Тётя Даша для меня пекла три круглых хлебца на неделю. У нее было много сушёных грибов, и она из них варила грибной суп на двоих. Когда обедали, она грибы перекладывала из своей чашки ко мне в чашку, а сама ела пустой суп без грибов. Освободившись от домашних дел, тётя Дарья брала прялку и уходила на «супрядку», то есть на посиделки, к Степиным, где собирались женщины с рукоделием. Меня она тоже брала с собой. За тётей Дашей я еле плелась, она постоянно останавливалась, ждала меня и говорила: «Догоняй, жадобная!» Я ей отвечала, что я больше никогда не смогу бегать, смеяться и что мне всегда будет холодно. Она отвечала: «Жизнь твоя впереди, война кончится, и побежишь, и станет тебе жарко и весело!» Тешила меня и подбадривала. Я на этой «супрядке» забиралась на печку, где была уйма тараканов, и спала. Деревенские жители приходили специально на меня посмотреть, как на музейный экспонат, дивились чуду — моей дистрофии.
В НОВОЙ БОЛЬШОЙ СЕМЬЕ
С тётей Дарьей мы прожили месяц, а потом решили, что мне надо побыстрее поправляться и для этого нужно перейти жить к Степиным, в большую семью, среди детей — а у Степиных их было шестеро — я быстрее восстановлюсь и приму нормальный человеческий образ.

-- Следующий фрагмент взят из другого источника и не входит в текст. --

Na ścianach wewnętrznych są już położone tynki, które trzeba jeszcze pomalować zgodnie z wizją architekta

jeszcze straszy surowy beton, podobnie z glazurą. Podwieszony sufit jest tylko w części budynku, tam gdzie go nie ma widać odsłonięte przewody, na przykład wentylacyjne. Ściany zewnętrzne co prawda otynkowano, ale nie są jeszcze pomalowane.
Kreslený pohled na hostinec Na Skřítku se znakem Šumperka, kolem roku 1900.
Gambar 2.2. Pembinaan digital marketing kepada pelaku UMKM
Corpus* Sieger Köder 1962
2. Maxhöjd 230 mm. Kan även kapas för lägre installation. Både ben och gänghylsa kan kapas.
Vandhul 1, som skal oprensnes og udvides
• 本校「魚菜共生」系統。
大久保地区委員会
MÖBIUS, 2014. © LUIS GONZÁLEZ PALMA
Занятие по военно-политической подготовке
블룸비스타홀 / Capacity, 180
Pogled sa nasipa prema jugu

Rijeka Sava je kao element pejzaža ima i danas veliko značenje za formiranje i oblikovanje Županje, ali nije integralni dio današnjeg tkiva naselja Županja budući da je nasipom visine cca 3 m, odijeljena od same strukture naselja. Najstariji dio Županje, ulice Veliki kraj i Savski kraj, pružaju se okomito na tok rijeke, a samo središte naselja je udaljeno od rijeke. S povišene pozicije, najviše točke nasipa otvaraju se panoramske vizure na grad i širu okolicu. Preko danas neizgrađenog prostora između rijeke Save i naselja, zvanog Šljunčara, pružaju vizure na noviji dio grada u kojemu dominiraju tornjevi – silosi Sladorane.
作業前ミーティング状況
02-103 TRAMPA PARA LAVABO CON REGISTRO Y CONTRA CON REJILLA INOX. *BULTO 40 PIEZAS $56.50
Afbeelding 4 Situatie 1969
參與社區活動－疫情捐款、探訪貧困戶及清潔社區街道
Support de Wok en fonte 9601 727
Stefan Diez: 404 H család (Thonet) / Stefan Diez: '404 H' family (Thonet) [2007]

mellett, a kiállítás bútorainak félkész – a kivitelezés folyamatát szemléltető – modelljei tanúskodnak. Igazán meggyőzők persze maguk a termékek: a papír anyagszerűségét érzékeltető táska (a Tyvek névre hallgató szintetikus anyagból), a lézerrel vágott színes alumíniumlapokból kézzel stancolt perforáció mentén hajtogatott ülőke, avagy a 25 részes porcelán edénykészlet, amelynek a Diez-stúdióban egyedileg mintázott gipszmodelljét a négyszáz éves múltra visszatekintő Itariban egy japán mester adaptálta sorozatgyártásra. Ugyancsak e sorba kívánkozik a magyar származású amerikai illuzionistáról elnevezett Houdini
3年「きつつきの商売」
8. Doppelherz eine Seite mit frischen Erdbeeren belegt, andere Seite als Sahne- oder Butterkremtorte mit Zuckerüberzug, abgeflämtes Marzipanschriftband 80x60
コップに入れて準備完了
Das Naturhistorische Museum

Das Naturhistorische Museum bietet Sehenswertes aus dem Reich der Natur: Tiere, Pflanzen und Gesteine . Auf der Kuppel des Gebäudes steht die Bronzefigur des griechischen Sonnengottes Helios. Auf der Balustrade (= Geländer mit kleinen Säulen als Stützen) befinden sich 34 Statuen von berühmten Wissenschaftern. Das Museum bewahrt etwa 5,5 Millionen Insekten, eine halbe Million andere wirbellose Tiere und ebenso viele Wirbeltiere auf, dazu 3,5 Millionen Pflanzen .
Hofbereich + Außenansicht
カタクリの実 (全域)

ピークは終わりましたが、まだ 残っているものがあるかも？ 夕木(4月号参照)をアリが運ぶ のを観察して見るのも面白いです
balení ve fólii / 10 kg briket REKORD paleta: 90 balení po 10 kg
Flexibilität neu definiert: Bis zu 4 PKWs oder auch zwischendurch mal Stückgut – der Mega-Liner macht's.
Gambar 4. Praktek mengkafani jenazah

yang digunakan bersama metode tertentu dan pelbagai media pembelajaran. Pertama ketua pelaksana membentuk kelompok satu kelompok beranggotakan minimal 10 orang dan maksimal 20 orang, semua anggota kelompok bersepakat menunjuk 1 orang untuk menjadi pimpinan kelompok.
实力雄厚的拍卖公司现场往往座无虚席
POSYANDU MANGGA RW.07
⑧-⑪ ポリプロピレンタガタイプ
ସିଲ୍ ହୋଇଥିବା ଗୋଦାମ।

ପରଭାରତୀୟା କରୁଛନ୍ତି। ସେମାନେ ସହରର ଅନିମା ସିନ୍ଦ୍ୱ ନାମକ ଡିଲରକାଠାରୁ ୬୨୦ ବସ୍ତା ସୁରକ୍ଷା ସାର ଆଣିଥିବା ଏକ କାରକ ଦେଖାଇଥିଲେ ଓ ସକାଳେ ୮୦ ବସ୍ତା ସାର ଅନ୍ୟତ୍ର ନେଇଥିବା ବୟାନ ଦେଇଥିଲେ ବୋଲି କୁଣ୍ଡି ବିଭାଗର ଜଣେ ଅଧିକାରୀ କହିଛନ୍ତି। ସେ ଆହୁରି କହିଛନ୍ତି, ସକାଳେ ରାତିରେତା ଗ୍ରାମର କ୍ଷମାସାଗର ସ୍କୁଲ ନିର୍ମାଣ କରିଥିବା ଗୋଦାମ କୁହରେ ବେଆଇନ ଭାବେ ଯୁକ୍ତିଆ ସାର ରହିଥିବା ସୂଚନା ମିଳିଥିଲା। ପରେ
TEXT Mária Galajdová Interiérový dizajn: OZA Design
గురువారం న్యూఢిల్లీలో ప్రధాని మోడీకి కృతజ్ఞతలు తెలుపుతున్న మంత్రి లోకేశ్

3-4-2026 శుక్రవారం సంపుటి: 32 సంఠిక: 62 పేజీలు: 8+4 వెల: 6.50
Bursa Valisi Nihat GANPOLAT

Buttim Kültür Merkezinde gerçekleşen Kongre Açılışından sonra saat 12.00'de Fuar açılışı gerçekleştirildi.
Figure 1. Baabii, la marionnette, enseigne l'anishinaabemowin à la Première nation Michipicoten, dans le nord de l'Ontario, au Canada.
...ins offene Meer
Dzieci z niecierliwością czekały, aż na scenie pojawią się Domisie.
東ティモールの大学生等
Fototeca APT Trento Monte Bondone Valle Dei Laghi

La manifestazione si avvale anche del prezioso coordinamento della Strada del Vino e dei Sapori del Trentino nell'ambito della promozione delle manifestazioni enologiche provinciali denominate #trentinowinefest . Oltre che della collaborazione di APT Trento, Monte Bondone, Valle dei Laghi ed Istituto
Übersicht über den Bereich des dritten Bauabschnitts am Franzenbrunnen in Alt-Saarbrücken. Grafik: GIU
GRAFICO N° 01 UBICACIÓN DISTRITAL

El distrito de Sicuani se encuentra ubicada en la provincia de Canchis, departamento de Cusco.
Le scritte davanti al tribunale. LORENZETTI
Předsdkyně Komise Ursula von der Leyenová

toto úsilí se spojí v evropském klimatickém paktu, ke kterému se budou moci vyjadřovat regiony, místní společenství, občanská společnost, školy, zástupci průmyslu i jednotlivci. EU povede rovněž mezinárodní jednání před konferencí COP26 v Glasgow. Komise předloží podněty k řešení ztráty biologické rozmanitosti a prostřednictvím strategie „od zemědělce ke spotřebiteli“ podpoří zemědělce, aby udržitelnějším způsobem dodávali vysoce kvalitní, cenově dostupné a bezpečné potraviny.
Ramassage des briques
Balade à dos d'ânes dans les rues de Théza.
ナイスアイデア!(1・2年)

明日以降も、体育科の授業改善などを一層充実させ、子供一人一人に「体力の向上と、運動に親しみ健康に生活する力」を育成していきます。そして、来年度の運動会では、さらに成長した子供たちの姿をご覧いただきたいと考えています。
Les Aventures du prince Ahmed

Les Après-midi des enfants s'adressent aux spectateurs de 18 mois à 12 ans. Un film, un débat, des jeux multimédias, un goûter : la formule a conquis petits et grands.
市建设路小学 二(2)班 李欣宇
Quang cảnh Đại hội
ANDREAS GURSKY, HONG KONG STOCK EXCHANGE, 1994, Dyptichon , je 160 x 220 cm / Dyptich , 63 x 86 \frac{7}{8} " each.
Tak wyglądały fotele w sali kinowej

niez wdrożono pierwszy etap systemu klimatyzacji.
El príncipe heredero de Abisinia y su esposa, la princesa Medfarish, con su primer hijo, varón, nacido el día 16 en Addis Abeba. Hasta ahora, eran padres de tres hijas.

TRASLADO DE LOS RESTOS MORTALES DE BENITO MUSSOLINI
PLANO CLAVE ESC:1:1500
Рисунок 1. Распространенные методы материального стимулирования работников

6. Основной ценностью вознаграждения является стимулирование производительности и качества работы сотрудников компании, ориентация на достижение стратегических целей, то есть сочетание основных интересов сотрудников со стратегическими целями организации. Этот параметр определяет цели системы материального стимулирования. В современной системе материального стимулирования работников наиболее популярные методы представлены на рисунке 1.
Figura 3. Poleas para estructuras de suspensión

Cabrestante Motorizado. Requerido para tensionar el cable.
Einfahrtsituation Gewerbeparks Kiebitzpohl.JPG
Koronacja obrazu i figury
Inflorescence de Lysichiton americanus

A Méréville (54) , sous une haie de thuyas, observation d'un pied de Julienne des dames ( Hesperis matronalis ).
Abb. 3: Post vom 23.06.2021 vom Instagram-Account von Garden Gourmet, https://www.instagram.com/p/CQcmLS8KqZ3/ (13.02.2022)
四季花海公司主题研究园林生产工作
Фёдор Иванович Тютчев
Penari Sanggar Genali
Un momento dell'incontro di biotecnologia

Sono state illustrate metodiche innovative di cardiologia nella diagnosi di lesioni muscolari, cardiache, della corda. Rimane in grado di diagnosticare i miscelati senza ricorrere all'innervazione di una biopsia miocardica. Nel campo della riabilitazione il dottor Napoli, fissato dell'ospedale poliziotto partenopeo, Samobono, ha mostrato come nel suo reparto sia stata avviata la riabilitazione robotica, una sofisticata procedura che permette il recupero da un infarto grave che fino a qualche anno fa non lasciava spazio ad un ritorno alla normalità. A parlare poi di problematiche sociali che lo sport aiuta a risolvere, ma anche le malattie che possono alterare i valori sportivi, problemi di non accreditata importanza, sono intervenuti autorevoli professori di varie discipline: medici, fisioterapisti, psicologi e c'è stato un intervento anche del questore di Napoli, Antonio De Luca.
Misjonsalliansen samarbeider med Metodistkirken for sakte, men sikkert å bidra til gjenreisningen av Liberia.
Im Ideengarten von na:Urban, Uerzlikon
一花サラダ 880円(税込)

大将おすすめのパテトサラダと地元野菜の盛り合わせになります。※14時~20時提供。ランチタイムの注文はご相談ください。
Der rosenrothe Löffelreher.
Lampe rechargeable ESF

Но семья Степиных жила очень бедно. Хозяин — инвалид, детей много, продовольствия мало для своей семьи, а тут ещё я, нахлебница. Паёк мне некоторые приносили, а многие забывали о моём существовании — у всех своих проблем хватало. И вот, моя новая хозяйка, тётя Оля, предложила пройтись по домам, попросить милостыню. Было воскресенье. Деревенские мужики собирались вместе и обсуждали дела житейские. Я не знала, где они собирались, и зашла как раз в тот дом за милостыней. Не успела я до конца высказаться, как один из них, дядя Саша Бочарин, взбунтовался, заругался: «До чего же мы дожили?! Допускаем девочку-сироту по миру ходить! Неужели всей деревней её не прокормим!?» Сразу же постановили содержать меня всем по очереди, в каждой семье, кормить за общим столом. Наступил апрель, я немножко окрепла, поправилась на деревенских харчах. Добрые люди приучили к рукоделию: вязать, прясть на прялке и на самопрялке. Мне всё это было интересно.
ВСТРЕЧА С СЁСТРАМИ
Пора было навестить своих сестричек. Те люди, которые знали, что я собираюсь в больницу, принесли молока, пирогов, много яичек, так как в этот день была Пасха Христова. Мне объяснили, как можно пройти в Славковичи коротким путём, т.е. на четыре километра короче, чем по большаку – половину пути дорога пойдёт лесом, затем надо перейти речку, а дальше полем.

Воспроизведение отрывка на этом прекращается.